「瑠璃色の地球」に関する記事をいくつか目にしたので、明菜の「瑠璃色の地球」のカバーについて書いてみたいと思います。
2002年に発売され約23万枚を売り上げたカバーアルバム『-ZEROalbum- 歌姫2』は、''明菜が百恵、聖子を歌う''という前宣伝が話題となり、「MUSIC FAIR」や『MUSICA FIESTA TOUR 2002』アンコールでもその2曲のカバーが披露されました。
その1曲が「瑠璃色の地球」です。
auの印象的なCMで流れていたので、ファンじゃなくても耳にした方も多いんじゃないでしょうか。
「瑠璃色の地球」は松田聖子さんのアルバム『SUPREME』の収録曲で、シングルカットはされていませんが聖子さんの代表曲の一つとなっている曲。
このアルバムはデビューから6年目にして最大の売り上げとなり、「日本レコード大賞」の「アルバム大賞」も受賞しました。
久し振りのテレビ出演となった聖子さんが「瑠璃色の地球」を歌ったのを思い出します。
この曲のカバーについて、明菜はインタビューでこう話しています。
<歌ってみてほしいと言われて、私は聖子さんの「瑠璃色の地球」大好きだったので絶対ムリムリと思ってずっとお断りしてたんですけど(笑)。
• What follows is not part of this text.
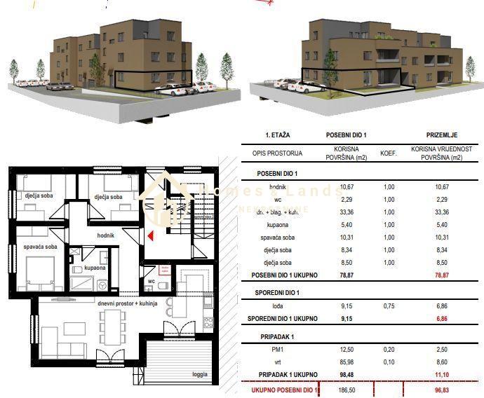 4-soban stan oznake S1 u zgradi MF1 ukupne korisne površine 186,50m2(96,86m2 obračunske površine) sastoji se od hodnika,kuhinje s blagovaonicom,dnevnog boravka,tri spavaće sobe,dvije kupaonice,loggie, prostranog vrta i parkinga.

お伽話のような可愛らしい世界に連れていってくださるじゃないですか聖子さんって。キラキラした中に聖子さんはある。明菜は、キラキラじゃなくて暗い宇宙に行って地球だったり月だったり何もないところから生命が生まれてくる、そういったイメージで歌ってほしいって作られた方がおっしゃって…だったらと歌わせいただいたんですけど…難しいですよね、あの歌は。聖子さんはフワーッと歌われますけど私はもう必死でした。コンサートでも何度か歌わせて頂きましたけど、生のステージでは二度と歌わないと思います(笑)>
前に書いたことがあるんですが、2003年頃だったか、一つの曲にフォーカスを当てる番組で「瑠璃色の地球」を扱った回があって、その中で明菜の「瑠璃色の地球」も取り上げて下さったんですけど、その番組を録画したビデオテープをDVD化しようとしたらテープの劣化で明菜の「瑠璃色の地球」への松本 隆さんのコメントが、
10万の人がわからなくても1人ぐらいは振り向いてくれる人がいる。その人に向かって歌っている…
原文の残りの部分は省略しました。